Liliana, the Last Hope doesn’t shine since they board out Selfless Spirit, rightfully, and it doesn’t pair well against their Vehicles or flash creatures.

Strasky was boarding out Pilgrim’s Eye, which is a card that I never wanted to touch—once you side it out, Noxious Gearhulk is the only artifact left in the deck.

Be careful of Revolutionary Rebuff and try to play around it as much as possible.


On the Play



On the Draw



Paulo Vitor already wrote an extensive article about the mirror match, and it really says everything you need to know.

The difference between being on the play and on the draw is due to the fact that, on the draw, you have to react to their Grim Flayer with a removal spell right away, and that mostly everyone boards out all of their copies of Grim Flayer on the draw, so you won’t need your Grasp of Darkness on the play.

Discard spells aren’t as good as you might think, since the matchup is often very tempo-oriented post-sideboard, and those tempo losses can be lethal.

R/W, Mardu, R/B Aggro



In this matchup I board differently from Ondrej, who likes to board out all Vessels and keep the Grapples. I think hitting delirium is crucial since you rely so much on Ishkanah, Grafwidow to stabilize. Hitting delirium normally by casting removal and trading creatures and planeswalkers is also a possibility, but it’s less likely.

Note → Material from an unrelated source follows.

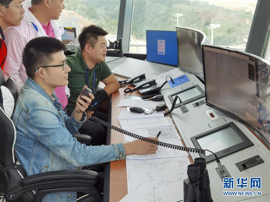 8月13日,參加校飛的地面工作人員在仙女山機(jī)場的塔臺工作區(qū)內(nèi)工作。當(dāng)日,位于重慶武隆區(qū)的仙女山機(jī)場飛行校驗(yàn)工作正式開始。據(jù)介紹,重慶仙女山機(jī)場校飛時間大約需3至5天。重慶仙女山機(jī)場于2018年4月全面開工,機(jī)場跑道長2800米、寬45米,航站樓總面積6000平方米,投用后可滿足每年60萬人次的旅客吞吐量。新華社記者劉潺攝

I also like to keep 1 Tireless Tracker and 1 Emrakul, the Promised End because once you’ve stalled the board, you need a way to win the game, or they will slowly overwhelm you with card advantage and you can’t keep up.

B/G Delirium is not the deck to play at this moment and was definitely not the deck to play last weekend. I learned that lesson the hard way, and I’ll be waiting for some new cards or some metagame shifts to bring Grim Flayer back!